High Road Strategy Center released its State of Working Wisconsin report for Labor Day this week. Clinical Associate Professor Laura Dresser, who is also the Associate Director of High Roads Strategy Center, is the lead author.
Key findings:
Wisconsin’s 2024 median wage – $25.01 per hour – reached a record high.
For the second year in a row, real wages (which take inflation into account) rose relatively quickly (up $1.40 per hour in the last two years).
Wisconsin’s jobs are growing half as fast as the national rate and 2025 growth has been weak.
Wisconsin has 2% more jobs than before the pandemic; the nation has added 5% to its job base over the same time. Wisconsin added just 1400 jobs each month in 2025.
Federal policies – pro-tariff, anti-immigrant, and anti-worker – are reshaping the economy, and Wisconsin workers will pay the price.
Tariffs increase prices, hostility toward immigrants hobbles labor market growth, and federal cuts to health care and other supports will hit Wisconsin’s low-wage workers particularly hard.
Wisconsin’s workers are losing the protection of unions at a rate that outstrips national and neighboring states.
In Wisconsin, union coverage collapsed from 14% to 7% from 2011-24. Over the same period, national unionization fell from 13% to 11%.

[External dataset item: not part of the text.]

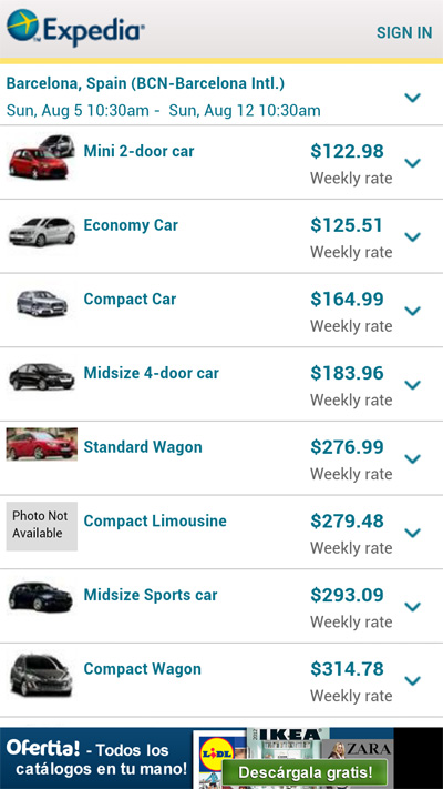 Аренду машин я обычно под Android смотрю через Kayak или Expedia. Последняя, пожалуй, поудобнее.
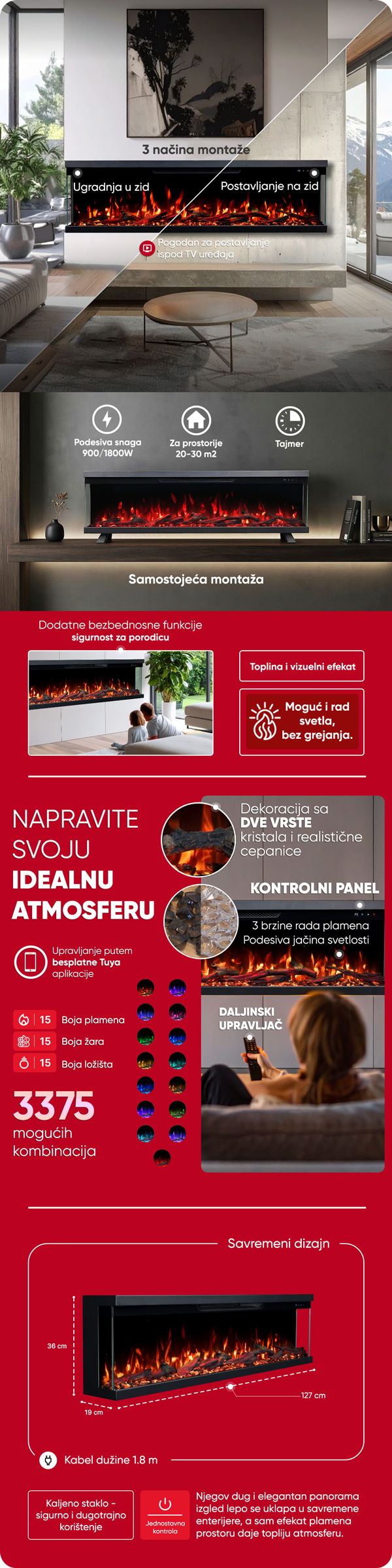 Ovaj smart 3u1 električni panorama kamin unosi toplinu i lep vizuelni efekat u prostor, pa je odličan izbor za dnevnu sobu, spavaću sobu ili apartman

Immigrant workers make massive contributions to the Wisconsin economy.
Wisconsin’s 320,000 immigrants make up 7% of the state’s workforce, generate $23 billion in economic output, and contribute in every sector of our economy.
“The administration is forging a disturbing path,” said High Road Strategy Center Director Joel Rogers. “Busting unions, breaking our health care system, and delivering tax breaks to billionaires are a higher priority than actually running a government that works for working people.”